Every line below is to be given again precisely; images are to be left out.

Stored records

=== Section Start ===

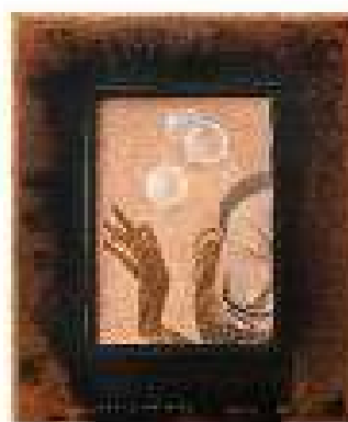
Capitolul 15 ulei pe pânză 54,5 x 45,5 cm 2019 / 2020
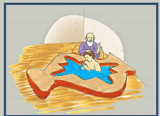
Fig. 3. Recreación de un bautismo en Vega del Mar, A. Pérez Ordoñez.
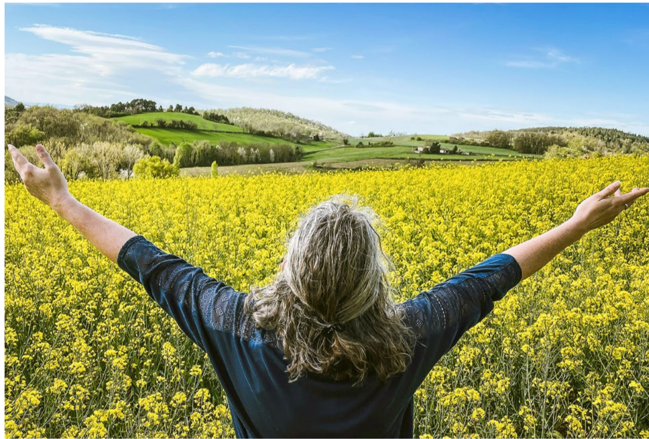
Getragen, bis ich grau bin.

Die Lebensmitte ist kein Punkt, an dem etwas endet, sondern ein Übergang. Sie ist kräftig wie der Sommer, voller Energie und doch auch begleitet von der Ahnung, dass andere Jahreszeiten folgen können.
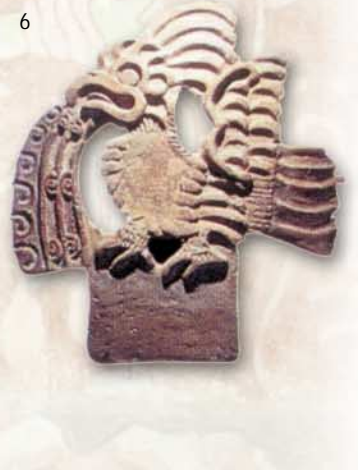
1 - Piramida Sonca (1) - Piramida Lune zaključuje glavno ulico (2) - Pogled iz palače Quetzalpapalotla (3) - Pogled s piramide Sonca na neodkopano mesto (4) - Strme in visoke stopnice (5) - Kamnita ptica, ki bruha vodo (6) - Bog dežja Tlaloc (7)

M ehiška kotlina leži na nadmorski višini 2000 metrov, obdajajo pa jo s snegom pokriti vulkanski vrhovi. Pred prihodom krutih španskih osvajalcev leta 1519 so na osrednjemehiškem višavju cvetele številne civilizacije. Najpomembnejša središča so: Tula (Tolteki), Tenochtitlan (Azteki) in Teotihuacan.
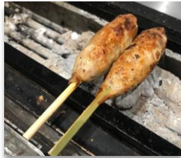
Tsukune Ground Chicken Stick
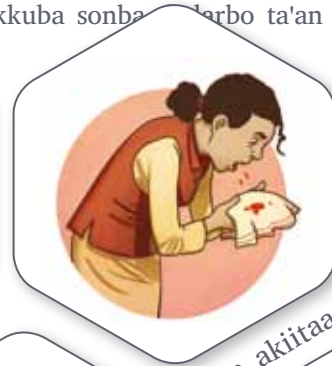
qufaa akiitaa qabuu
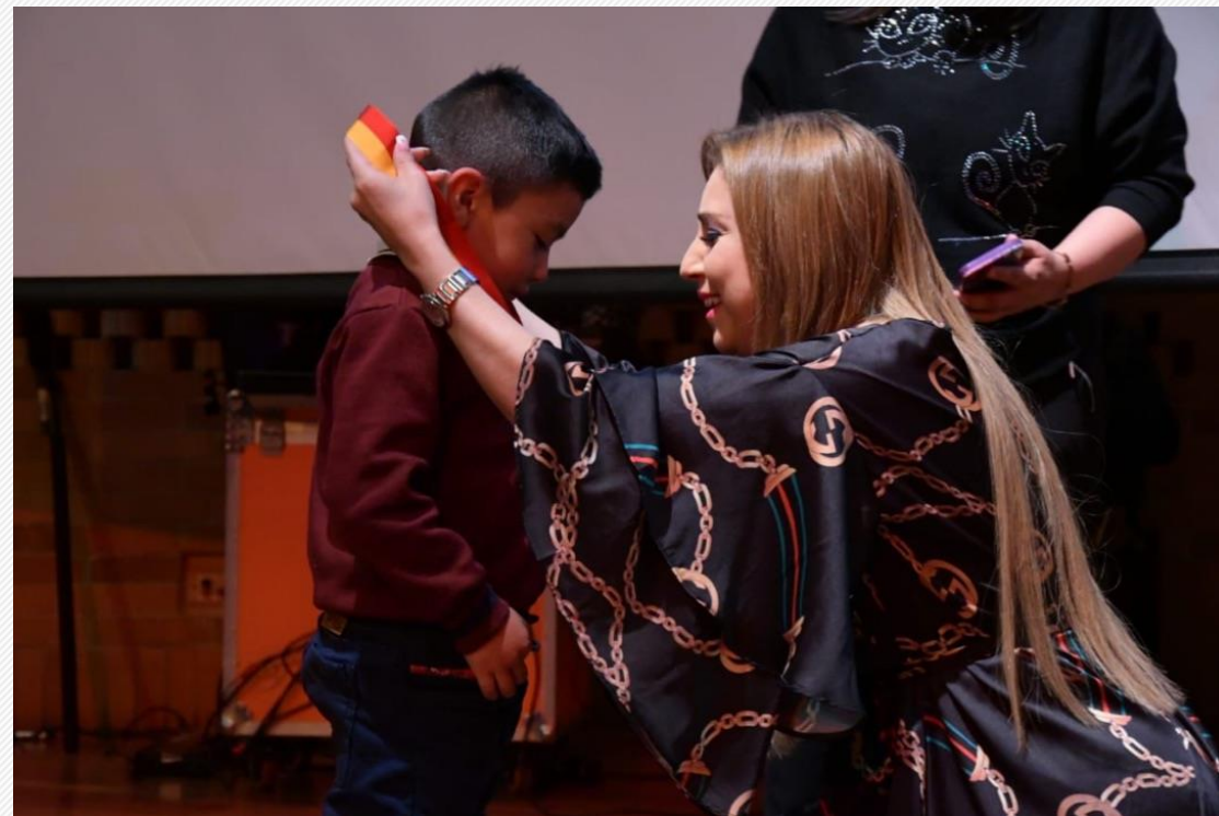
Merito Literario Don Quijote de la Mancha
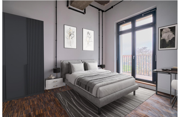
Schlafzimmer - Beispiel
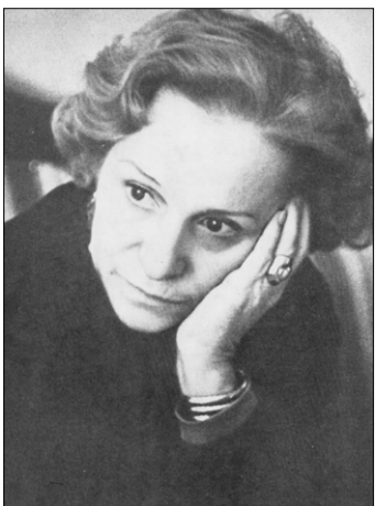
МЫ ПРОСТИЛИСЬ с Ольгой Васильевной Лепешинской. Она была гордостью советского хореографического театра, одной из подвизниц, посвятивших свою

жизнь изысканнейшему и труднейшему из искусств, притом никогда не порывавшей с живой многообразной жизнью, искавшей в ней поддержку своим творческим устремлениям.
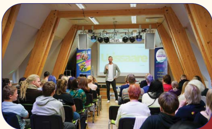
Viljandi- ja Jõgevamaa noorte ja kogukondade häkaton.

2025. aastal alustasid sisuliste tegevustega mitmed välisrahastusega programmid, mille ettevalmistus algas juba aasta varem.
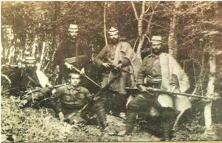
Çeta e Sadik Zharrit në Shpat (1911)
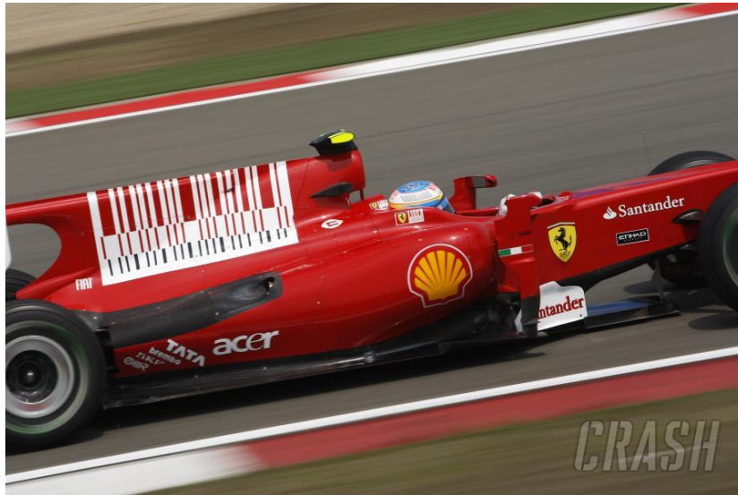
Slika 12. Ferrarijev bolid sa prepoznatljivim Marlboro barkodom.

Još jedna zanimljiva situacija dogodila se tijekom Velike nagrade Rusije 2021., kada se na McLarenovom automobilu pojavio logo OXXO, meksičke samoposlužne trgovine. OXXO nikada nije platio za oglašavanje; umjesto toga, BAT je platio za tu promociju jer je OXXO mjesto gdje većina ljudi u Meksiku kupuje cigarete. (Službena stranica One Stop Racing, pristupljeno 16.8.2023.)
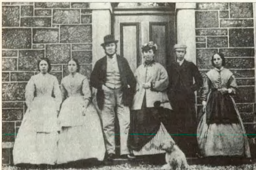
La família Stevenson, amb dues minyones.
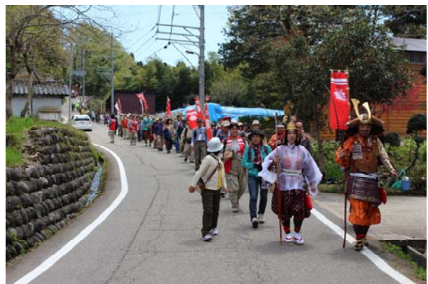
【「くりから夢街道ウォーク」の状況】
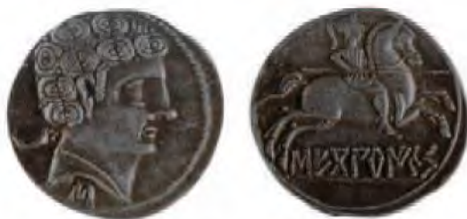
Denario celtibérico de Sekobirikes (fines del siglo II-inicio del I a.C.) (Colección Real Academia de la Historia). El anverso reproduce una cabeza masculina con torques y diversos símbolos, mientras en el reverso aparece un jinete lancero y, debajo, la leyenda monetaria, en alfabeto ibérico, con el nombre de la ciudad.

Además, el número de asentamientos crece, como también lo hacen los cementerios conocidos. El número
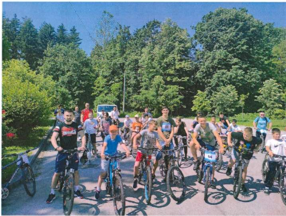
Бициклијада 2023- полазна тачка од Административног центра општине

Манифестација која је постала традиционална на подручју наше општине, а која пружа прилику да прикажемо еколошки и здравствени значај вожње бицикла, као и могућност за провођење више времена у природи и на свјежем zraku.
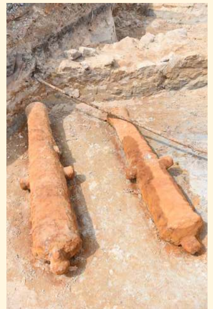
ஃபோர்ட் கார்ன்வால்ஸ் கண்டுபிடிக்கப்பட்டுள்ள இரண்டு பீரங்கிகள்

பிளாங்கு மாநில முதல்வர் அவ்விடத்திற்கு நேரில் சென்று பார்வையிட்ட பின்னர் செய்தியாளர்களிடம் இது பிளாங்கிற்கு சீனப்பெருநாள் கொண்டாட்டத்தில் கிடைத்த இரட்டிப்பு பரிசுகள் என அகம் மகிழ வர்ணித்தார்.
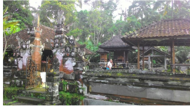
Gambar 5. Kondisi Pura Balang Tamak setelah rekonstruksi tahun 1984

jang di Pura Balang Tamak. Ketika itu Jero Mangku Suweda disebut berusia sekitar 90-an tahun. Melihat sebaran dampak yang diakibatkan oleh peristiwa gejer Bali 1917, serta mengaitkan angka tahun gejer dengan usia Jero Mangku Suweda dan minimnya informasi saat ini, dapat ditarik kesimpulan bahwa Pura Balang Tamak terkena dampak peristiwa gejer Bali 1917 dan tidak segera diperbaiki oleh masyarakat pendukungnya ( penyungsong maupun pengempon ) karena alasan tertentu. Meski demikian, dalam rentang waktu 67 tahun tersebut, masyarakat menunjukkan rasa baktinya dengan tetap menghaturkan upacara sederhana disebut canang sari ( nyanang ) di sisa reruntuhannya.
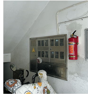
每个单元楼只在1楼配备了一个灭火器。
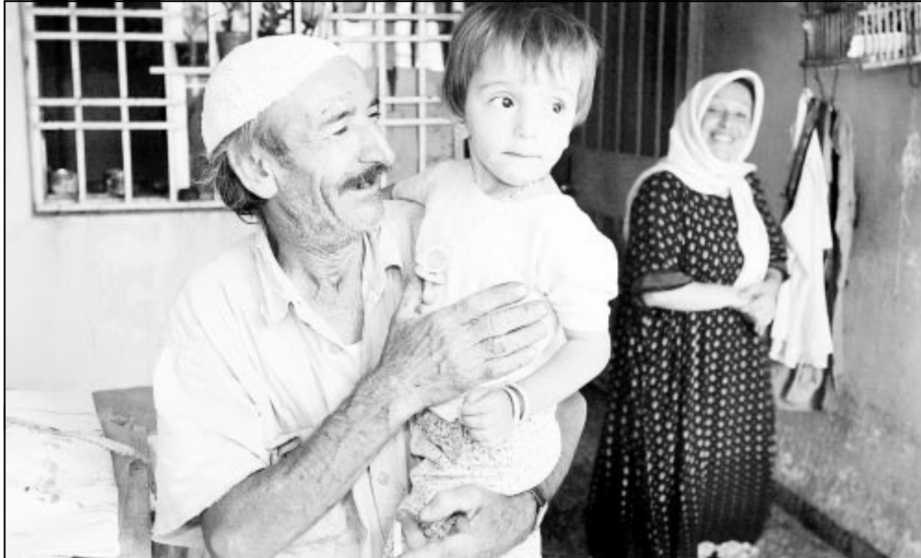
عائلة تركمانية في كركوك

«بعض المعلومات متناقض مع المعلومات التي قدمتها ايران سابقاً... وكانت دعت الولايات المتحدة ايران من جديد للثناء الى القبول بمزيد من التفحيش الدقيق على متنصلاً بالموضوع». «بعض المعلومات متناقض مع المعلومات التي قدمتها ايران سابقاً... وكانت دعت الولايات المتحدة ايران من جديد للثناء الى القبول بمزيد من التفحيش الدقيق على متنصلاً بالموضوع». «بعض المعلومات متناقض مع المعلومات التي قدمتها ايران سابقاً... وكانت دعت الولايات المتحدة ايران من جديد للثناء الى القبول بمزيد من التفحيش الدقيق على متنصلاً بالموضوع». «بعض المعلومات متناقض مع المعلومات التي قدمتها ايران سابقاً... وكانت دعت الولايات المتحدة ايران من جديد للثناء الى القبول بمزيد من التفحيش الدقيق على متنصلاً بالموضوع».

=== Section End ===

# [RESULT OF THE EXERCISE]
Capitolul 15 ulei pe pânză 54,5 x 45,5 cm 2019 / 2020
Fig. 3. Recreación de un bautismo en Vega del Mar, A. Pérez Ordoñez.
Getragen, bis ich grau bin.

Die Lebensmitte ist kein Punkt, an dem etwas endet, sondern ein Übergang. Sie ist kräftig wie der Sommer, voller Energie und doch auch begleitet von der Ahnung, dass andere Jahreszeiten folgen können.
1 - Piramida Sonca (1) - Piramida Lune zaključuje glavno ulico (2) - Pogled iz palače Quetzalpapalotla (3) - Pogled s piramide Sonca na neodkopano mesto (4) - Strme in visoke stopnice (5) - Kamnita ptica, ki bruha vodo (6) - Bog dežja Tlaloc (7)

M ehiška kotlina leži na nadmorski višini 2000 metrov, obdajajo pa jo s snegom pokriti vulkanski vrhovi. Pred prihodom krutih španskih osvajalcev leta 1519 so na osrednjemehiškem višavju cvetele številne civilizacije. Najpomembnejša središča so: Tula (Tolteki), Tenochtitlan (Azteki) in Teotihuacan.
Tsukune Ground Chicken Stick
qufaa akiitaa qabuu
Merito Literario Don Quijote de la Mancha
Schlafzimmer - Beispiel
МЫ ПРОСТИЛИСЬ с Ольгой Васильевной Лепешинской. Она была гордостью советского хореографического театра, одной из подвизниц, посвятивших свою

жизнь изысканнейшему и труднейшему из искусств, притом никогда не порывавшей с живой многообразной жизнью, искавшей в ней поддержку своим творческим устремлениям.
Viljandi- ja Jõgevamaa noorte ja kogukondade häkaton.

2025. aastal alustasid sisuliste tegevustega mitmed välisrahastusega programmid, mille ettevalmistus algas juba aasta varem.
Çeta e Sadik Zharrit në Shpat (1911)
Slika 12. Ferrarijev bolid sa prepoznatljivim Marlboro barkodom.

Još jedna zanimljiva situacija dogodila se tijekom Velike nagrade Rusije 2021., kada se na McLarenovom automobilu pojavio logo OXXO, meksičke samoposlužne trgovine. OXXO nikada nije platio za oglašavanje; umjesto toga, BAT je platio za tu promociju jer je OXXO mjesto gdje većina ljudi u Meksiku kupuje cigarete. (Službena stranica One Stop Racing, pristupljeno 16.8.2023.)
La família Stevenson, amb dues minyones.
【「くりから夢街道ウォーク」の状況】
Denario celtibérico de Sekobirikes (fines del siglo II-inicio del I a.C.) (Colección Real Academia de la Historia). El anverso reproduce una cabeza masculina con torques y diversos símbolos, mientras en el reverso aparece un jinete lancero y, debajo, la leyenda monetaria, en alfabeto ibérico, con el nombre de la ciudad.

Además, el número de asentamientos crece, como también lo hacen los cementerios conocidos. El número
Бициклијада 2023- полазна тачка од Административног центра општине

Манифестација која је постала традиционална на подручју наше општине, а која пружа прилику да прикажемо еколошки и здравствени значај вожње бицикла, као и могућност за провођење више времена у природи и на свјежем zraku.
ஃபோர்ட் கார்ன்வால்ஸ் கண்டுபிடிக்கப்பட்டுள்ள இரண்டு பீரங்கிகள்

பிளாங்கு மாநில முதல்வர் அவ்விடத்திற்கு நேரில் சென்று பார்வையிட்ட பின்னர் செய்தியாளர்களிடம் இது பிளாங்கிற்கு சீனப்பெருநாள் கொண்டாட்டத்தில் கிடைத்த இரட்டிப்பு பரிசுகள் என அகம் மகிழ வர்ணித்தார்.
Gambar 5. Kondisi Pura Balang Tamak setelah rekonstruksi tahun 1984

jang di Pura Balang Tamak. Ketika itu Jero Mangku Suweda disebut berusia sekitar 90-an tahun. Melihat sebaran dampak yang diakibatkan oleh peristiwa gejer Bali 1917, serta mengaitkan angka tahun gejer dengan usia Jero Mangku Suweda dan minimnya informasi saat ini, dapat ditarik kesimpulan bahwa Pura Balang Tamak terkena dampak peristiwa gejer Bali 1917 dan tidak segera diperbaiki oleh masyarakat pendukungnya ( penyungsong maupun pengempon ) karena alasan tertentu. Meski demikian, dalam rentang waktu 67 tahun tersebut, masyarakat menunjukkan rasa baktinya dengan tetap menghaturkan upacara sederhana disebut canang sari ( nyanang ) di sisa reruntuhannya.
每个单元楼只在1楼配备了一个灭火器。
عائلة تركمانية في كركوك

«بعض المعلومات متناقض مع المعلومات التي قدمتها ايران سابقاً... وكانت دعت الولايات المتحدة ايران من جديد للثناء الى القبول بمزيد من التفحيش الدقيق على متنصلاً بالموضوع». «بعض المعلومات متناقض مع المعلومات التي قدمتها ايران سابقاً... وكانت دعت الولايات المتحدة ايران من جديد للثناء الى القبول بمزيد من التفحيش الدقيق على متنصلاً بالموضوع». «بعض المعلومات متناقض مع المعلومات التي قدمتها ايران سابقاً... وكانت دعت الولايات المتحدة ايران من جديد للثناء الى القبول بمزيد من التفحيش الدقيق على متنصلاً بالموضوع». «بعض المعلومات متناقض مع المعلومات التي قدمتها ايران سابقاً... وكانت دعت الولايات المتحدة ايران من جديد للثناء الى القبول بمزيد من التفحيش الدقيق على متنصلاً بالموضوع».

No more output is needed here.